### EXERCISE AIM
A partial copy is required: transcribe exactly the lines from the one containing "Jogo de Cama" through the last line below, without any pictures.

### INFORMATION SHOWN

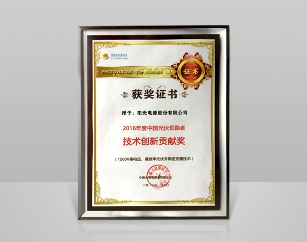 標題:陽光電源榮膺2016年中國光伏領(lǐng)跑者技術(shù)創(chuàng)新貢獻獎
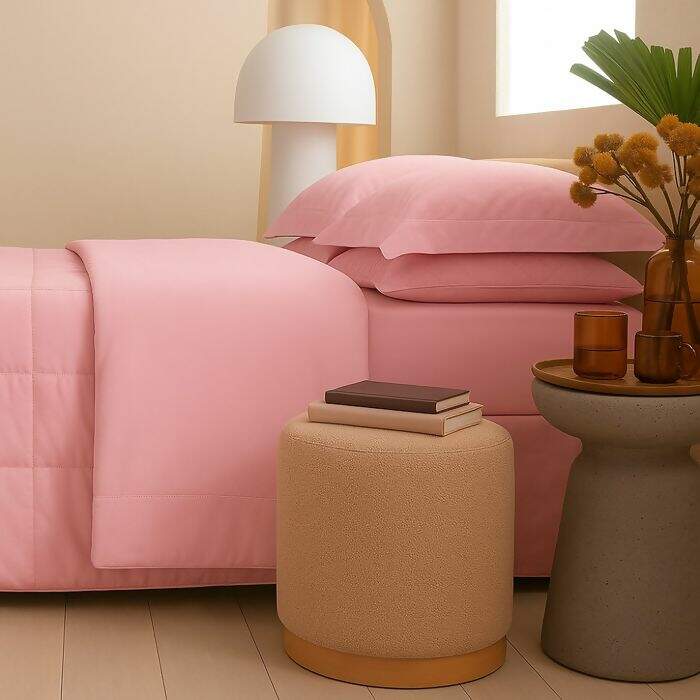 Jogo de Cama Privilége Percal 200 Fios Rosa Ballet 3pç Solteiro King - Andreza
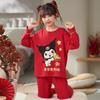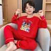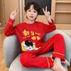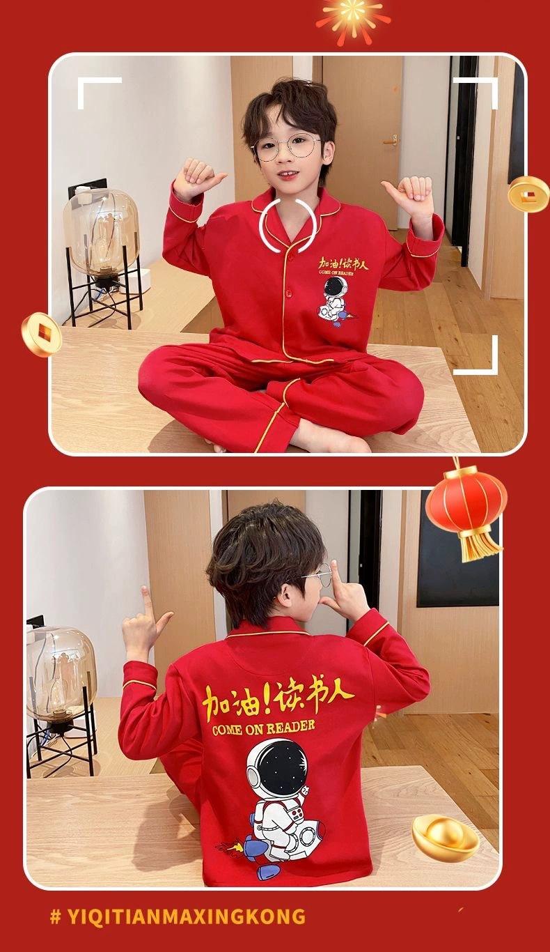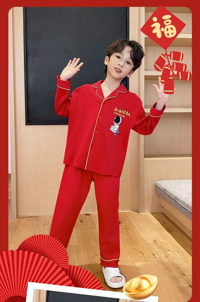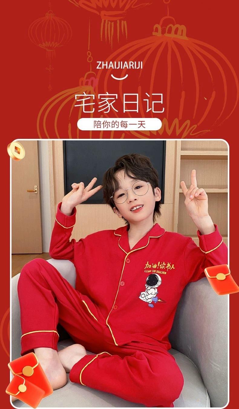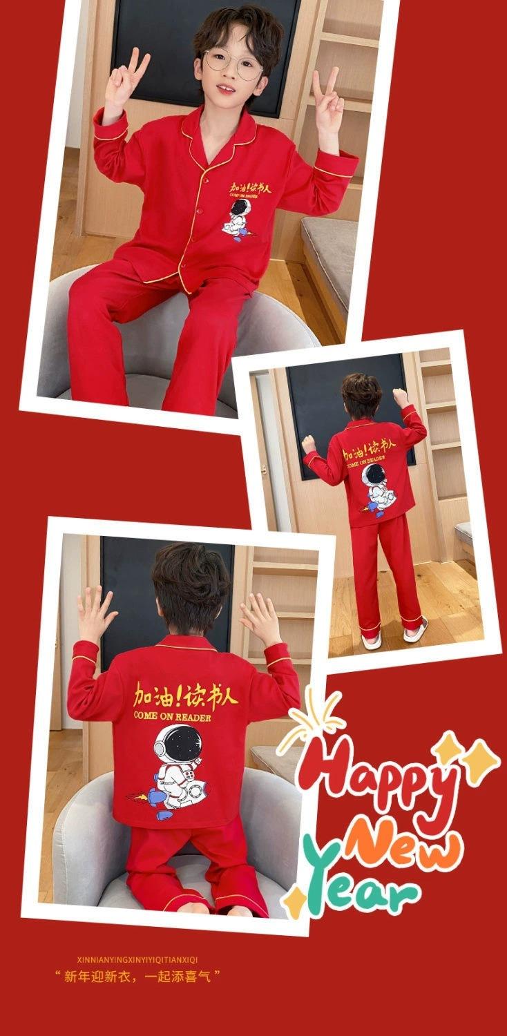 Pijamas de comercio exterior para padres e hijos, de algodón de imitación, de manga larga, para niñas, color rojo, para estudiantes de secundaria y primaria, ropa de moda para el hogar.
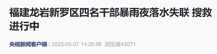 近日,福建龙岩市新罗区遭遇特大暴雨袭击,当地龙川溪水位暴涨。今日凌晨1点40分左右,4名当地干部在龙川溪一座桥上查看水情时,桥梁突然垮塌,4人落水失联。事发桥梁建于1983年,4名落水者中3人为街道干部,1人为村干部,年纪最小的仅25岁。截至5月7日14时,尚未发现四人下落,救援仍在进行中。

### ANSWER TO THIS EXERCISE
 Jogo de Cama Privilége Percal 200 Fios Rosa Ballet 3pç Solteiro King - Andreza
 Pijamas de comercio exterior para padres e hijos, de algodón de imitación, de manga larga, para niñas, color rojo, para estudiantes de secundaria y primaria, ropa de moda para el hogar.
 近日,福建龙岩市新罗区遭遇特大暴雨袭击,当地龙川溪水位暴涨。今日凌晨1点40分左右,4名当地干部在龙川溪一座桥上查看水情时,桥梁突然垮塌,4人落水失联。事发桥梁建于1983年,4名落水者中3人为街道干部,1人为村干部,年纪最小的仅25岁。截至5月7日14时,尚未发现四人下落,救援仍在进行中。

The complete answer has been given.